注意这里遍历unsorted bin的方式，让victim等于unsorted bin的当前表头，在unsorted bin不为逻辑上的空表的情况下持续便利。

根据遍历方式，知道unsorted bin是FIFO表，同时也知道，这里会遍历整个unsorted bin

仍然将victim称为chunk1，bck称为chunk2，这里只会检查chunk size并判定是否报错。

注意这里的size，后面用到的很多判断依据都是这个size

2. 尝试从last_remainder中分割小chunk(3291 ~ 3322)

            /*
               If a small request, try to use last remainder if it is the
               only chunk in unsorted bin.  This helps promote locality for
               runs of consecutive small requests.

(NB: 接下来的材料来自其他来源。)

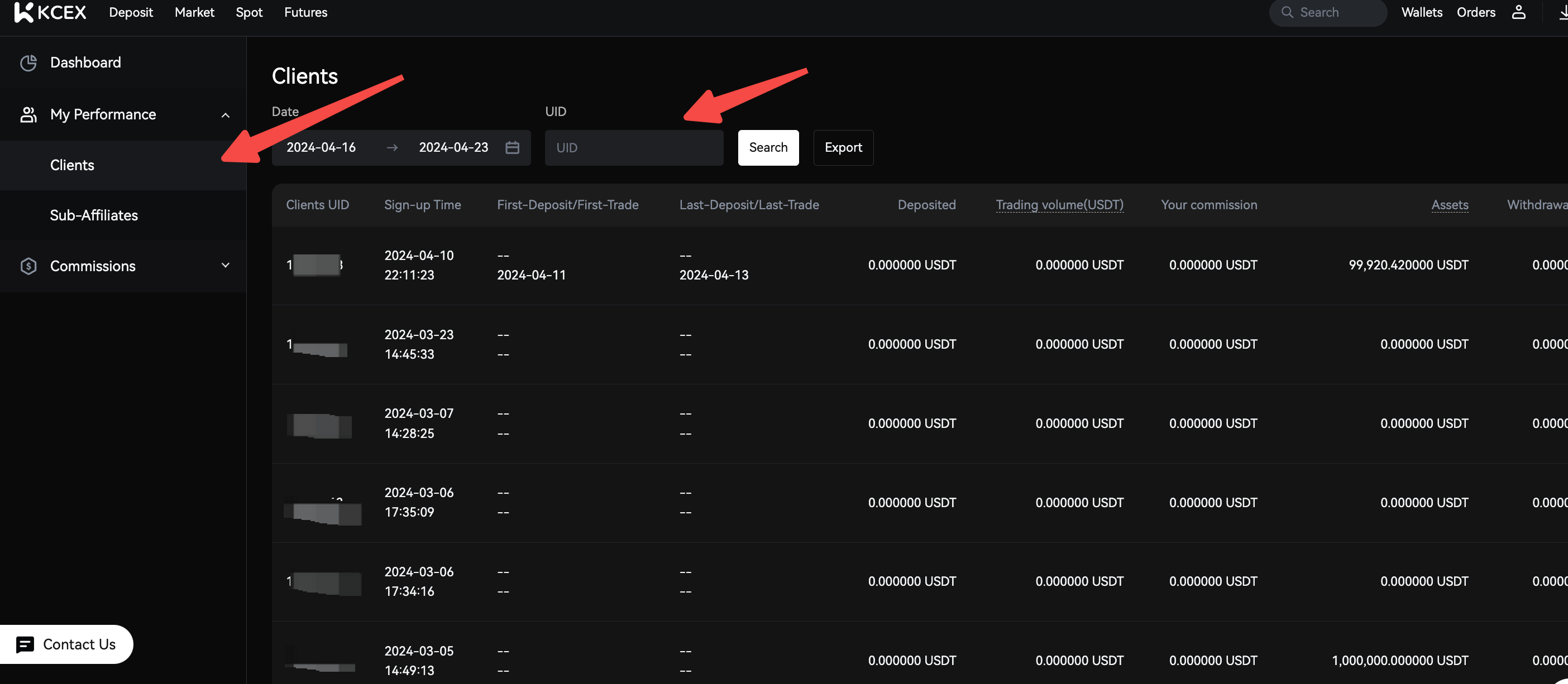 In the Client interface, you can review specific user data, including deposit and withdrawal amounts, generated commissions, and their trading volume. You can also see their current asset status. Additionally, you can use the account UID to quickly search for and access specific client details. Please note that the data in the Client interface is updated in real-time, ensuring you can always monitor and control the latest situation of your clients.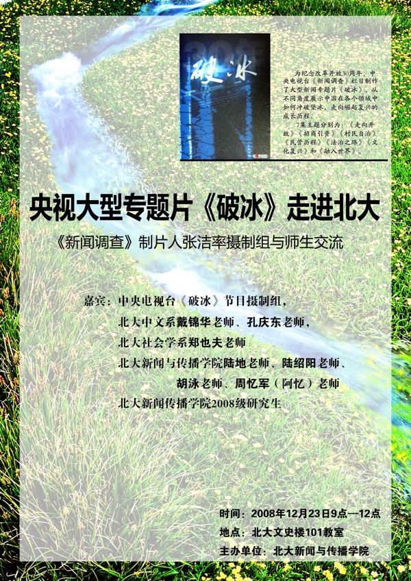 2008年12月23日,《破冰》节目总编导张洁率《破冰》摄制组走进北大校园,与北大师生深入交流。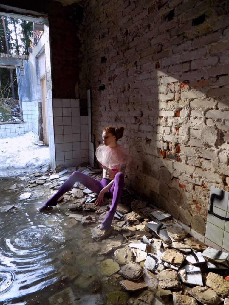 — In Belarus, it was abandoned pioneer camps, the frozen Minsk Sea, the winter forest, or the Azgur Museum. In Lithuania, it was abandoned factories. There was a story in a park in Vilnius where I was being photographed semi-nude. There were people in the park, but they weren’t outraged; rather, they said it was beautiful. That touched me. We also did shoots in the city center, in parks early in the morning before people arrived, and in a pond with lilies. In general, I love unusual locations.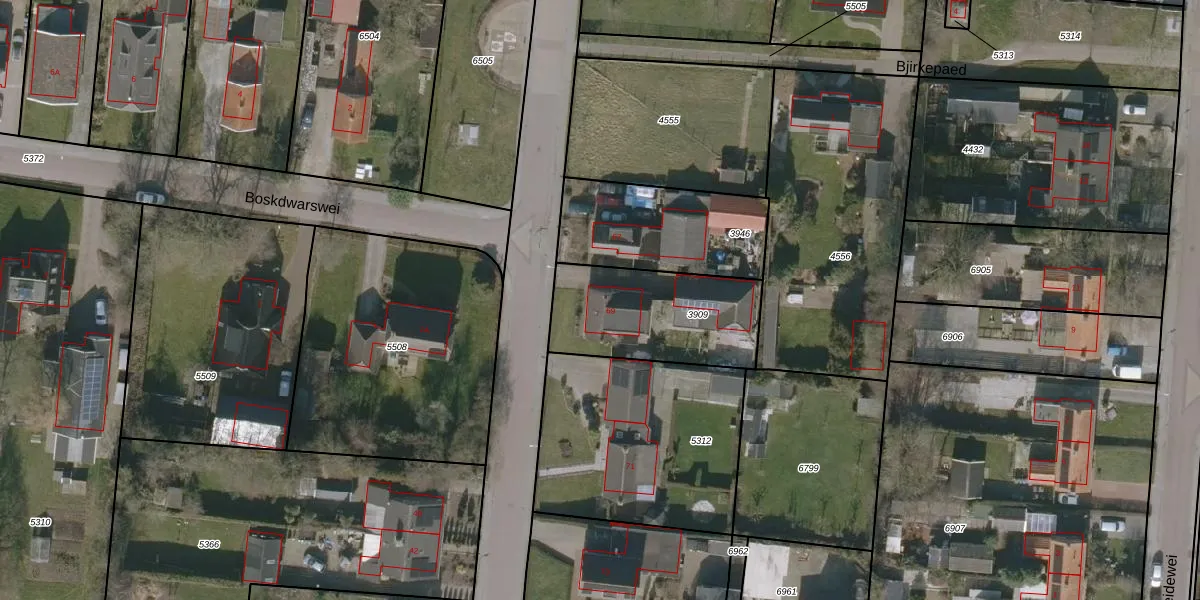 Het perceel waarop Boskwei 69 staat heeft een oppervlakte van 510 m². Dit is een groot perceel. De perceeloppervlakte wordt geregistreerd door het Kadaster. Gedetailleerde informatie over de maten van dit perceel kunt u vinden in het rapport Kadastrale kaart met maatvoering van Boskwei 69.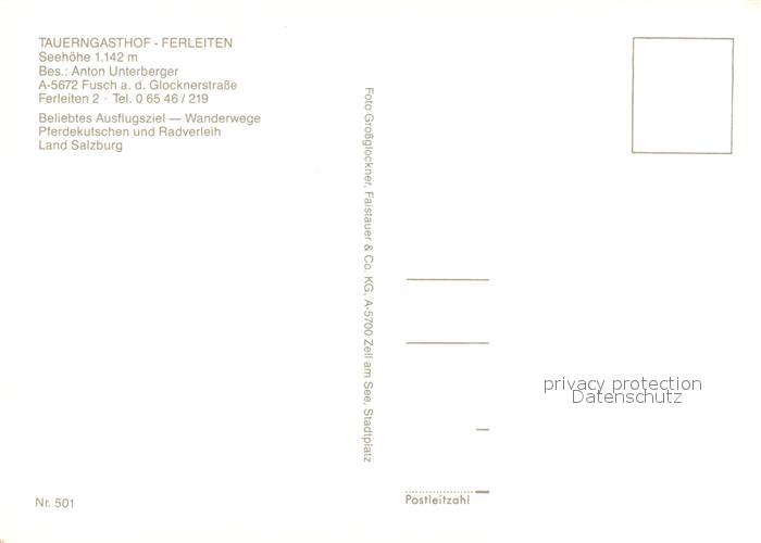 73233583 Fusch Grossglocknerstrasse Tauerngasthof Ferleiten Pferdewagen postalisch nicht gelaufen Erhaltung siehe scans [LiesaD40] KatCode: 11390322050604

This is the only
               exception to best-fit, and applies only when there is
               no exact fit for a small chunk.
             */

            if (in_smallbin_range(nb) && bck == unsorted_chunks(av) &&
                victim == av->last_remainder &&
                (unsigned long) (size) > (unsigned long) (nb + MINSIZE)) {
                /* split and reattach remainder */
                remainder_size          = size - nb;
                remainder               = chunk_at_offset(victim, nb);
                unsorted_chunks(av)->bk = unsorted_chunks(av)->fd = remainder;
                av->last_remainder                                = remainder;
                remainder->bk = remainder->fd = unsorted_chunks(av);
                if (!in_smallbin_range(remainder_size)) {
                    remainder->fd_nextsize = NULL;
                    remainder->bk_nextsize = NULL;
                }

                set_head(victim, nb | PREV_INUSE |
                                     (av != &main_arena ? NON_MAIN_ARENA : 0));
                set_head(remainder, remainder_size | PREV_INUSE);
                set_foot(remainder, remainder_size);

                check_malloced_chunk(av, victim, nb);
                void *p = chunk2mem(victim);
                alloc_perturb(p, bytes);
                return p;
            }

想要进行这项操作，需要满足四个条件：

实际申请的内存大小nb处于smallbins支持的范围内
unsorted bin中只有唯一的一个chunk
这唯一的一个chunk还得是last_remainder（该字段在malloc_state中有定义）
last_remainder的size还足够分配nb内存且剩余内存大于MINSIZE（要维护last_remainder的chunk结构）

然后程序会进行分割last_remainder的操作，包括创建新chunk的一些信息、转移原来last_remainder的chunk head、更新malloc_state中的last_remainder地址等操作。这里原原本本展示了“如何在内存中构造一个chunk”，对我们来说很有参考意义。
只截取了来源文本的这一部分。